McCain's View on Expanded Oil Drilling Uncertain
July 7, 2008
(CNSNews.com) - Republican presidential candidate Sen. John McCain is "open to the possibility" of tapping America's domestic oil and gas reserves, but it is not clear from his voting record whether he would actively push to expand offshore oil recovery efforts.
On ABC's "This Week -with George Stephanopoulos," Sen. Lindsey Graham (R-S.C), a McCain friend and supporter, said the Arizona Republican would be open to talking about looking for oil and gas "in our own backyard."
"John McCain would allow offshore explorations, if the states consent," Graham said Sunday.
Graham's statement echoed the position McCain took in response to a survey conducted by the League of Conservation Voters last year. The League questioned all the 2008 presidential candidates about whether they supported maintaining current moratoriums on new offshore oil and natural gas drilling.
Congress passed the Outer Continental Shelf (OCS) Moratorium in 1981, which prevented the leasing of coastal waters for the purpose of fossil fuel development.
McCain said he supported expansion of oil recovery in the OCS -- with qualifications.
"I believe there are some OCS areas that can and should be developed for their energy potential but the areas should not be those that are ecologically sensitive to such development," McCain said in the survey.
"I also believe that the will of the people of coastal states like Florida and California on issues related to OCS development off their shorelines must be respected and they should have a say in where moratoria are kept in place as well as the terms of such development that is permitted," he said.
McCain added that if oil retrieval is conducted in the Outer Continental Shelf, it should be done according to strict environmental standards and oversight.

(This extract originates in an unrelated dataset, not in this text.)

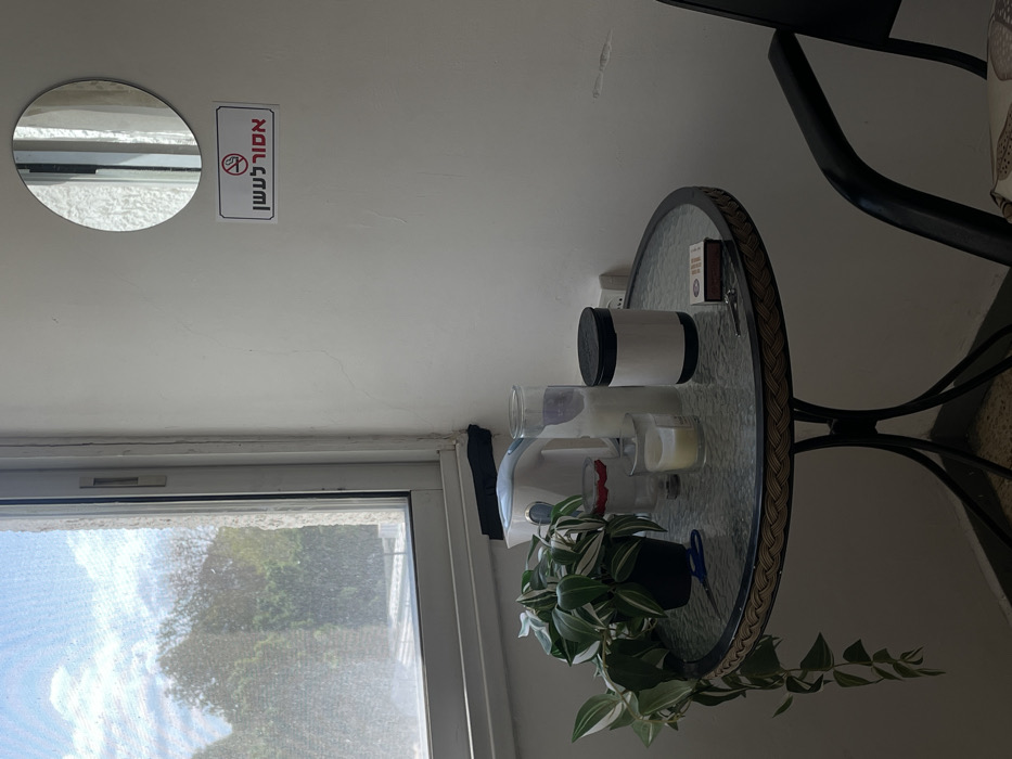 The image depicts an indoor corner space within a building in the Brener Regional Council, Israel. A round, glass-topped table with a woven-textured rim and black metal legs occupies the lower-center and lower-right foreground. On the table, a black potted plant with trailing variegated green and white leaves is positioned on the left. To its right are a white electric kettle, a small red and white container, a tall clear glass cylinder, and a clear glass votive holding a white candle. Further to the right, a black and white cylindrical container with a black lid is present, alongside a small brown matchbox and a metallic object resembling a key. A pair of blue scissors is partially visible beneath the plant pot. The rightmost portion of a black chair with a patterned cushion is visible in the lower right. The wall behind the table is light-colored, showing minor surface imperfections. An electrical outlet is present on the wall, approximately centered above the table. Above the outlet, a white rectangular sign displays a red circle-slash "no smoking" pictogram and the Hebrew text "אסור לעשן" (No Smoking). Above this sign, a circular mirror is mounted, reflecting a window frame. To the left, a large window with a white frame and visible screen pane offers a view of the exterior. Black tape is affixed to the lower section of the window frame near the corner. Beyond the window, a bright blue sky with white clouds is visible above dense green trees and foliage.

The Interior Department's Minerals Management Service determined in February 2006 that approximately 85.9 billion barrels of "undiscovered technically recoverable" oil could be found on the Outer Continental Shelf.
At a town hall meeting in Michigan last month, McCain said he believed the United States should expand its domestic oil drilling operations, but said the states ought to have the right to make the decision whether to drill or not to drill, Reuters reported.
It is difficult to gauge McCain's past voting record on domestic drilling, mainly because in many instances he did not vote.
In March 2008, McCain did not vote, either for or against, on an amendment to increase spending levels on energy-related programs, including the development of oil and natural gas resources in coastal areas not covered by presidential or congressional moratoria. On the same day, McCain did not vote regarding an amendment to increase spending levels on programs to develop natural gas off the coast of Virginia and to develop oil shale resources on public lands.
In June 2007, McCain did not vote, either for or against, on an amendment to allow the governor of Virginia to petition the secretary of the Interior Department to permit natural gas exploration and extraction off its coast.
But McCain did vote in 2005 in support of an amendment to keep the Arctic National Wildlife Refuge (ANWR) closed to oil drilling.
Phone calls to McCain's Senate office on Monday were not immediately returned.
William Yeatman, an energy policy analyst for the Competitive Enterprise Institute, a conservative group, said it is hard to know what policies McCain would follow regarding domestic drilling should he be elected president in November.
He described McCain's - and many other senators' policies - as contradictory because they support a cap-and-trade policy on emissions, which would raise gas prices, while at the same time they criticize the current high price of gas.
"How long can America, on the one hand, say, 'We're sick and tried of high gasoline prices,' and on the other hand say, 'We're not going to do anything about it; we're not going to tap our own resources?'" Yeatman said. "We're going to be the only industrialized nation that keeps itself from its own resources.'"
Yeatman said if it makes economic sense, the United States should drill for its domestic oil.
"We've got the supply," Yeatman said. "Why not tap into it?"
The American Petroleum Institute also supports domestic drilling, said spokeswoman Cathy Landry.
"The fact of the matter is, we have a lot of resources on our own lands, and off our shores, and if we are able to access those, we could potentially reduce our imports of foreign oil," Landry said.
Landry said she could not speak specifically to either of the candidates' proposals, but said gaining access to the billions of barrels of oil offshore and onshore in the United States could help the country meet its energy demand.
"You have to make the decision and open it, and then get people moving," she said.
The League of Conservation Voters, meanwhile, a major environmental group, issued a statement criticizing McCain's policies after his Michigan speech entertaining the possibility of expanding offshore drilling, describing it as a continuation of President Bush's "drill first, ask questions later" approach.
"We will never break our addiction to oil when the only plan on the table is to find and burn more oil and coal," League President Gene Karpinski said last month.